铁兴的表情看不出什么——嘴角没有往下拉,眉头也没有皱,就是整张脸像是空了一样,什么表情都没有。他攥着那卷东西的手垂在身侧,指节有一点发白。他整个人站在那里,就像一个被抽掉了什么重要东西的人。
苏尘看了他一会儿,开口了。
“没关系吗?”
铁兴没有回头。
“她就是你说过喜欢的人吧?”苏尘问。
铁兴沉默了很久。

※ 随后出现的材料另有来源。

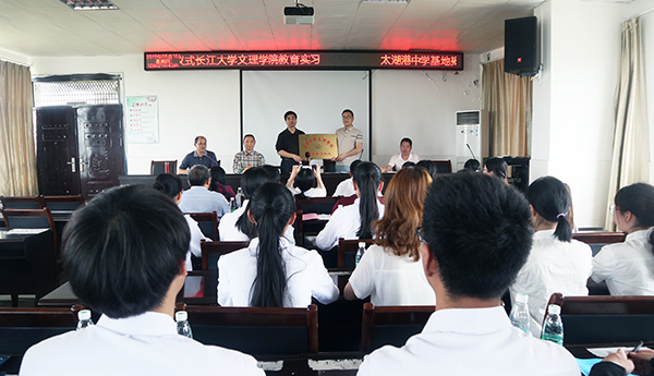 本网讯 5月16至17日,我院与荆州太湖港中学、荆州成丰学校、太晖小学共建教育实习基地揭牌仪式分别在各实习基地举行。副院长郭睦庚分别与太湖港中学校长胡俊、成丰学校校长谢忠共同揭牌,院长助理郭明虎与太晖小学副校长贺红霞揭牌。揭牌仪式前,双方负责人在实习基地召开的座谈会上致辞。数理系主任史千里、教学工作部有关负责人及相关教师、见习生参加仪式。仪式后,召开了见习生与指导老师见面会。数理系数学专业(师范类)49名见习生将于5月20日开始在上述各基地开展为期两周的教育见习。 通讯员 王慧颖 学生记者 朱海燕 见习记者 余军君 宋姜楠 摄影报道
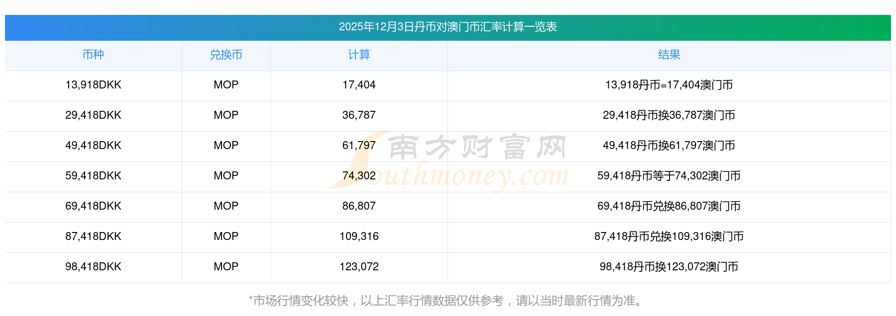 南方財(cái)富網(wǎng)為您提供丹幣對(duì)澳門幣匯率最新價(jià)格詳情。

久到街上的声音在耳边来来去去,久到苏尘以为他不会回答了。
“……是又怎么样呢。”他说,声音不大,语气很平,说得跟自己没什么关系一样。
他顿了顿,又补了一句。
“我现在什么都没有。就连在户籍上,都是个被划掉的死人。”
他说完这句话,就没有再往下说了。他把手里那卷东西换了一只手拿着,低下头,看着自己的靴尖。他从头到尾没有抬头,没有看苏尘,也没有看谁,就这么低着头站着。
苏尘站在他旁边,也没有接话。
街上的声音嘈杂,人群从他们身边走过去,没有人注意到这两个站在茶摊旁边的人。茶摊那边,殷蕊和段薇也安静了下来。殷蕊的目光在铁兴身上停了一下,然后低头喝了一口茶,没有说话。段薇也没有说话,只是把桌上的粗碗往旁边移了移,给回来的人让出了一个位置。
过了一会儿,苏尘开口了。
“……你刚刚要给我看什么?”
铁兴愣了一拍,像是被从什么很远的地方拽了回来。他低头看了一眼自己手里那卷东西,“哦”了一声,然后用力眨了一下眼睛,用力了好几下都没有眨完。他再抬起头来的时候,脸上又挂上了那种平时说话的神情。
“哦,对了,”他说,努力让自己的语气听起来正常一点,“你看,这是我淘来的。”
他展开手里那卷东西。那是一卷泛黄的旧纸,纸张已经脆了,边缘有几处裂口,像是被人翻过很多遍。纸上画着密密麻麻的线条和标记——有兵器的轮廓图、有锻造的步骤分解、有手写的批注,字迹潦草但有力。
“铸造图谱,”铁兴说,声音里总算找回了一点平时的调子,“我逛到街尾一个旧书摊的时候翻到的。那摊主自己都不知道这是什么,随便报了个价就卖了。”
他翻开中间一页,指着上面一把长刀的轮廓图说:“你看这个刃口的弧线,还有这个淬火的水线标记——这种手法的写法我以前只在师门的老典籍里见过一次。这上面记的是百年前玉衡那一带的铸法,跟现在的不一样,配重更靠前,劈砍的时候力道会更沉。你手里那把不换,如果照着这个路子改一下刀身的厚度,还能再轻两分。”
他说着说着,手指在图谱上游走,指给苏尘看那些线条和批注。苏尘虽然不是铸器师,但跟着铁兴认识久了,也多少能看懂一些最基本的门道——比如那个刀型的弧度跟不换不一样,比如那个手柄的缠法他跟铁兴的也不同。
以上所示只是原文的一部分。